You're pretty close. Your comparator will depend on what order you want your results in. Let's say you want the rows to be sorted in the natural order of the first element in each row. Then your code would look like:

你很接近。您的比较器将取决于您希望结果的顺序。假设您希望按每行中第一个元素的自然顺序对行进行排序。

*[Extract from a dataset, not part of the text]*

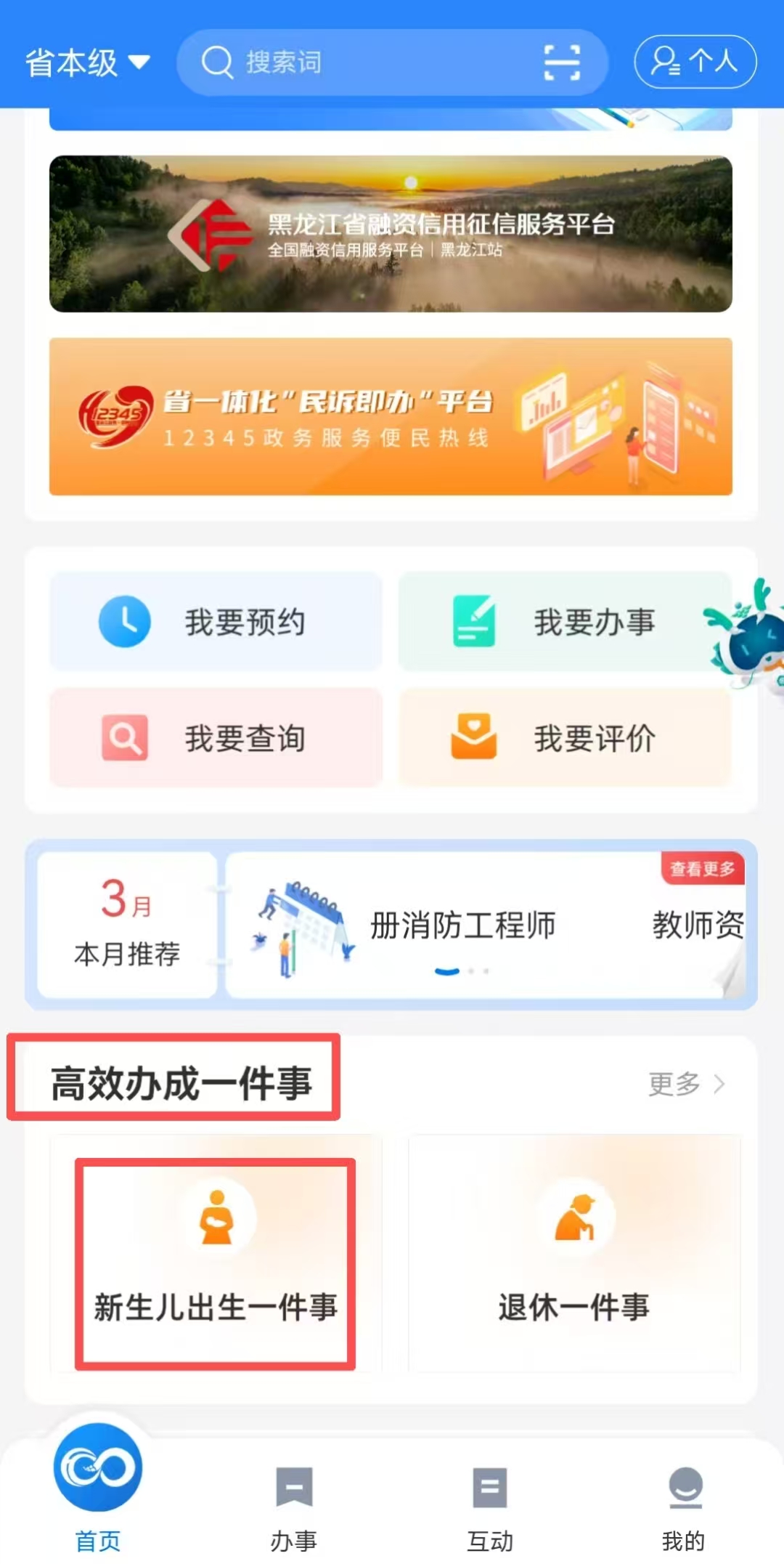 注册登录“龙易办”APP,在首页下滑高效办成一件事中选择“新生儿出生一件事”,点击进入主题页面。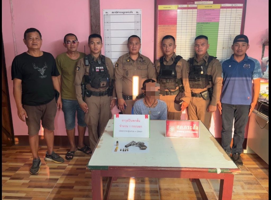 เมื่อวันที่ 29 เมษายน 2568 ภายใต้การอำนวยการของ พ.ต.อ.ธีรพล ยมนา ผกก.สภ.กระสัง โดยมี พ.ต.ท.บุญชอบ ใจกล้า รอง ผกก.ป.ฯ, พ.ต.ท.สุชิน วัดจะโป๊ะ รอง ผกก.สส.ฯ, พ.ต.ท.ชินวัส โคนาโล สว.สส.ฯ, ร.ต.อ.สมนึก นะลาหนองแวง รอง สว.สส.ฯ พร้อมด้วยเจ้าหน้าที่ชุดสืบสวนและสายตรวจ ร่วมกันจับกุมนายอนุ…..อายุ 36 ปี ชาวบ้าน ต.สูงเนิน อ.กระสัง จ.บุรีรัมย์ของกลางที่ตรวจยึดได้ประกอบด้วย อาวุธปืนพกสั้น 1 กระบอก พร้อมปลอกกระสุนและหัวกระสุนหลากหลายขนาด รวมถึงปลอกปลายรังเพลิง นอกจากนี้ยังพบว่า นายอนุวัฒน์มีพฤติกรรมเสพยาเสพติดให้โทษประเภท 1 (เมทแอมเฟตามีน)เจ้าหน้าที่ได้แจ้งข้อหา “มีอาวุธปืนและเครื่องกระสุนปืนไว้ในครอบครองโดยไม่ได้รับอนุญาต” และ “เสพยาเสพติดให้โทษประเภท 1 โดยฝ่าฝืนต่อกฎหมาย” พร้อมนำตัวผู้ต้องหาพร้อมของกลางส่งพนักงานสอบสวนเพื่อดำเนินคดีตามกฎหมายต่อไป

然后你的代码看起来像：

Arrays.sort(standingsB, new Comparator<Double[]>() {
    public int compare(Double[] s1, Double[] s2) {
        if (s1[0] > s2[0])
            return 1;    // tells Arrays.sort() that s1 comes after s2
        else if (s1[0] < s2[0])
            return -1;   // tells Arrays.sort() that s1 comes before s2
        else {
            /*
             * s1 and s2 are equal.  Arrays.sort() is stable,
             * so these two rows will appear in their original order.
             * You could take it a step further in this block by comparing
             * s1[1] and s2[1] in the same manner, but it depends on how
             * you want to sort in that situation.
             */
            return 0;
        }
    }
};

I think the answer provided by @Tap doesn't fulfill the askers question to 100%. As described, the array is sorted for its value at the first index only. The result of sorting {{2,0},{1,2},{1,1}}would be {{1,2},{1,1},{2,0}}not {{1,1},{1,2},{2,0}}, as expected. I've implemented a generic ArrayComparatorfor all types implementing the Comparableinterface and released it on my blog:

我认为@Tap 提供的答案并没有 100% 满足提问者的问题。如上所述，数组仅根据其在第一个索引处的值进行排序。排序的结果{{2,0},{1,2},{1,1}}将{{1,2},{1,1},{2,0}}不是{{1,1},{1,2},{2,0}}，正如预期的那样。我已经ArrayComparator为实现Comparable接口的所有类型实现了一个泛型，并在我的博客上发布了它：

public class ArrayComparator<T extends Comparable<T>> implements Comparator<T[]> {
    @Override public int compare(T[] arrayA, T[] arrayB) {
        if(arrayA==arrayB) return 0; int compare;
        for(int index=0;index<arrayA.length;index++)
            if(index<arrayB.length) {
                if((compare=arrayA[index].compareTo(arrayB[index]))!=0)
                    return compare;
            } else return 1; //first array is longer
        if(arrayA.length==arrayB.length)
             return 0; //arrays are equal
        else return -1; //first array is shorter 
    }
}

With this ArrayComparatoryou can sort multi-dimensional arrays:

有了这个，ArrayComparator您可以对多维数组进行排序：

String[][] sorted = new String[][]{{"A","B"},{"B","C"},{"A","C"}};
Arrays.sort(sorted, new ArrayComparator<>());

Listsof arrays:

Lists数组：

List<String[]> sorted = new ArrayList<>();
sorted.add(new String[]{"A","B"});
sorted.add(new String[]{"B","C"});
sorted.add(new String[]{"A","C"});
sorted.sort(new ArrayComparator<>());

And build up (Sorted)Mapseasily:

并(Sorted)Maps轻松构建：

Map<String[],Object> sorted = new TreeMap<>(new ArrayComparator<>());
sorted.put(new String[]{"A","B"}, new Object());
sorted.put(new String[]{"B","C"}, new Object());
sorted.put(new String[]{"A","C"}, new Object());

Just remember, the generic type must implement the Comparableinterface.

请记住，泛型类型必须实现Comparable接口。

Solution with lambda sorting array of int[][] contests example :

使用 int[][] 的 lambda 排序数组的解决方案竞赛示例：

Arrays.sort(contests, (a, b)->Integer.compare(b[0], a[0]));

Arrays.sort() expects a single dimensional array while in your case you are trying to pass a multidimensional array.

Arrays.sort() 需要一个一维数组，而在您的情况下，您试图传递一个多维数组。

eg Double[] d = {1.0,5.2,3.2};

例如 Double[] d = {1.0,5.2,3.2};

Then you use Arrays.sort(d) since the sort can work on the primitive types or the wrapper types.

然后你使用 Arrays.sort(d) 因为排序可以在基本类型或包装类型上工作。